On January 30, President Duterte announced that a 10-hectare regiment-size military camp worth P400 million will be built inside the MAA. Marawi City already has a military camp near the provincial capitol where the 103rd Infantry Brigade of the Philippine Army is stationed as well as a number of undetermined US soldiers.
When we heard US President Donald Trump’s description of the Philippines as a “most prime piece of real estate from a military standpoint” during his visit last year in the Philippines for the ASEAN meet, we cannot dismiss the idea that the government intends to make Marawi City a base for US soldiers and their war materiel. The participation of the US government in providing intelligence, soldiers, and drones during the Marawi Crisis helped in helming the latest anti-terror strategy, the Operation Plan Pacific Eagle.
I cringe at the idea of turning Marawi city into a tourist hub, as previously proposed by President Duterte and renowned architect and urban planner Felino “Jun” Palafox Jr. Palafox wanted to preserve the ruined areas of Marawi City as a “museum of terrorism.” How can the Meranaws accept a rehabilitation plan that was meant to exploit their history, culture and the trauma they experienced during the siege and turn them into a freakshow.

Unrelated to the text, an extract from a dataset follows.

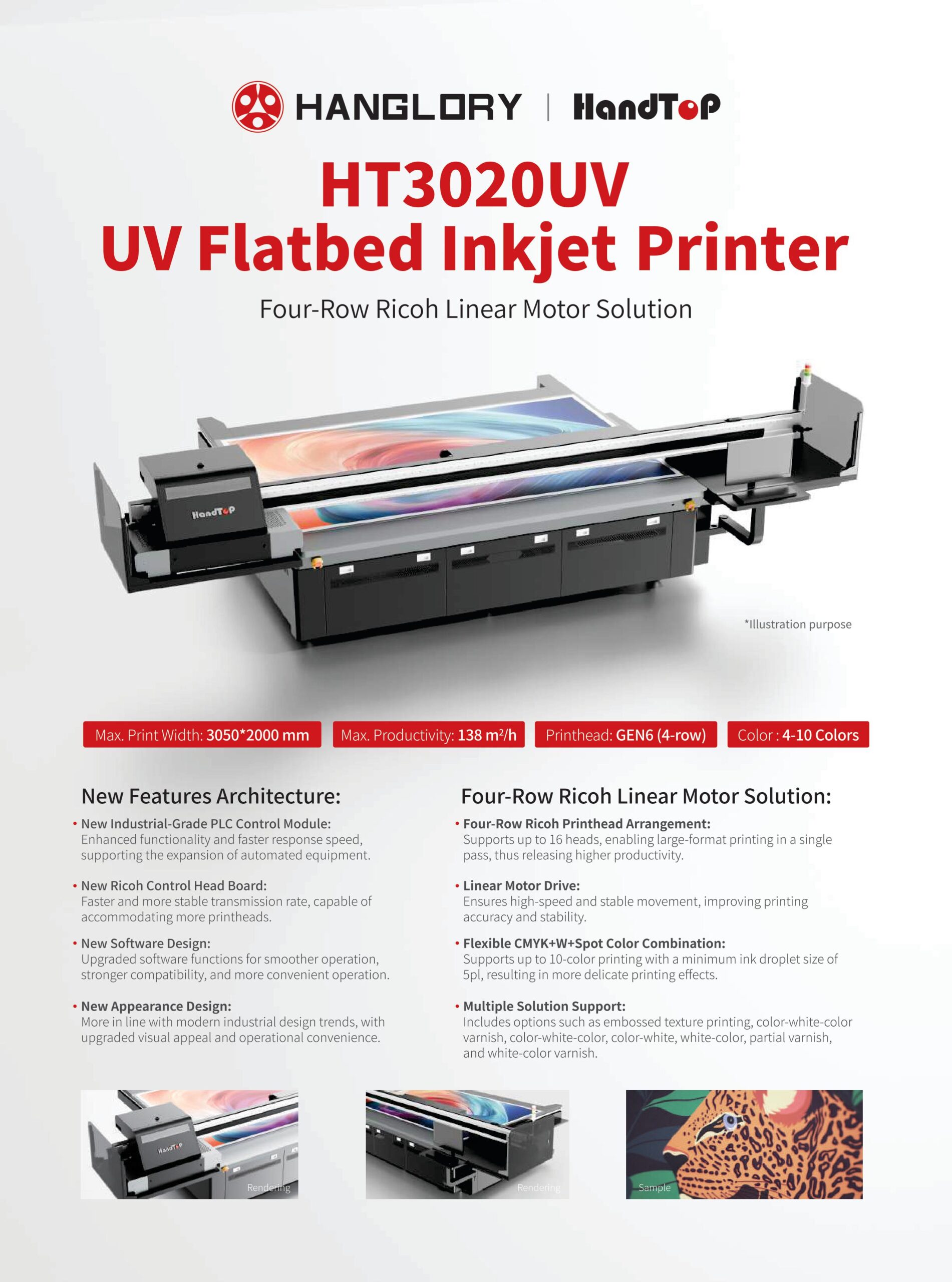 The HandTop HT3020UV is a high-performance large-format UV flatbed printer, engineered for industrial-scale productivity with exceptional image quality. With a print area of 3050 × 2000 mm and speeds up to 138 m²/h, it delivers vibrant, precise color across 4 to 10 channels, making it ideal for signage, packaging, and industrial applications.
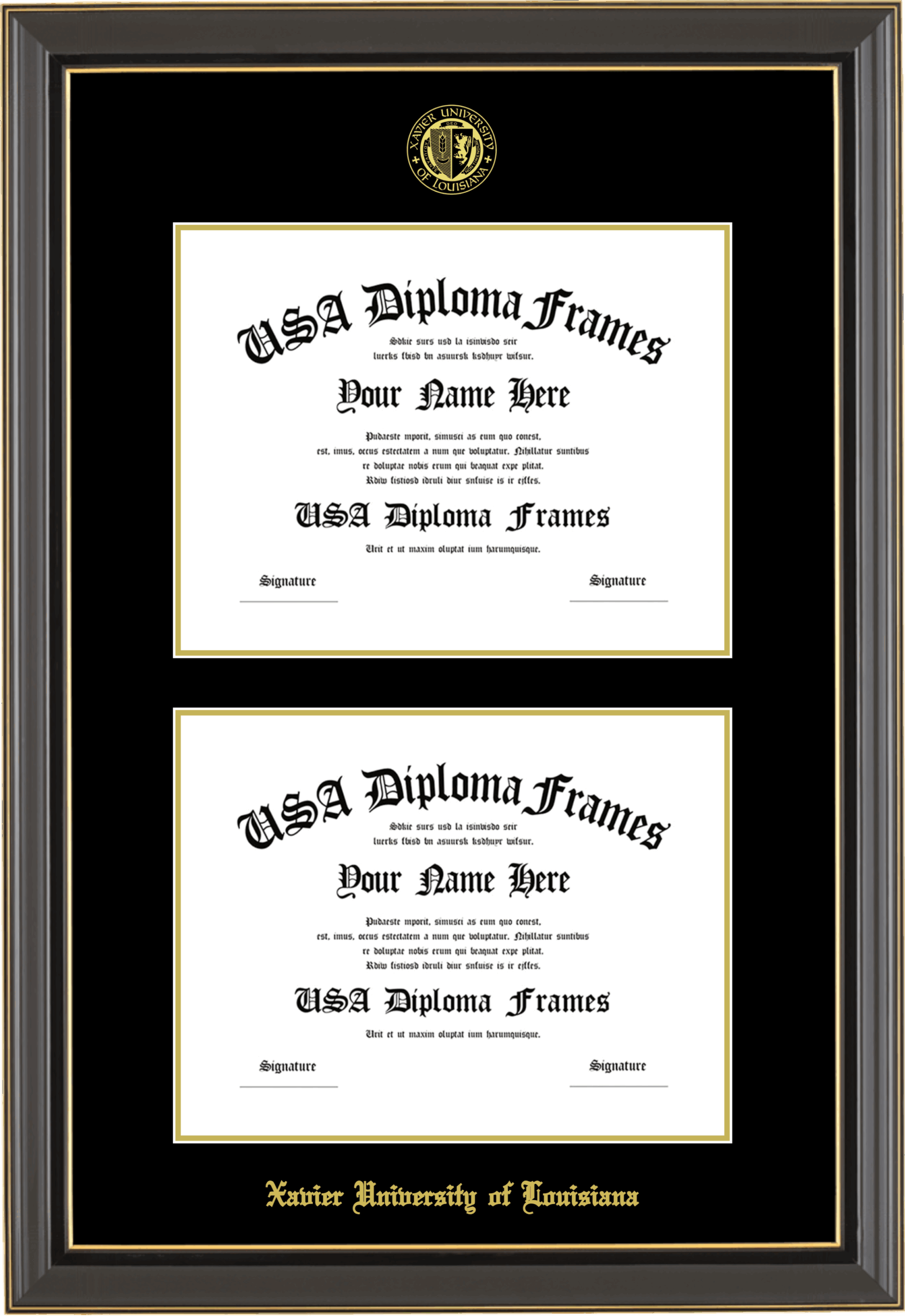 Xavier University of Louisiana Double Diploma Frame – Double Document – Black Gold Trim Glossy – Black and Gold Mat

We should also be critical of the funds that President Duterte and TFBM have been harvesting for the rehabilitation of Marawi City, as it comes with strings. Already, he boasted China’s grant of 500 million yuan (US$79.5 million) for the rehabilitation of Marawi City when he visited Hongkong last week. Earlier, the US government thru the US Agency for International Development (USAID) has already given more than $20.9 million (P1 billion) assistance to the rebuilding of Marawi City. Defense Secretary Delfin Lorenzana also announced last year that foreign aid had already reached P2.1 billion from Australia, Japan, Thailand, the European Union, US and China.
There are basis to the Meranaw people’s fear of losing their beloved Islamic City. I remember how the Moro people lost Camp Abubakar during President Joseph Estrada’s all-out war against the Moro Islamic Liberation Front (MILF) in July 2000. The war resulted in the displacement of more than 100,000 Moro people, destroyed communities, properties and farmlands.
Camp Abubakar was an attempt of the MILF’s former chair and martyr Ustadz Hashim Salamat to provide a settlement for the displaced Moro people who were victims of landgrabbing and who fled military operations in their communities. Ustadz Salamat was able to gather in one community most of the Moro’s 13 ethnolinguistic groups. It was then called Camp Abubakar, the major and central MILF camp in the mountains of three adjacent municipalities in the first district of Maguindanao – Matanog, Barira and Buldon.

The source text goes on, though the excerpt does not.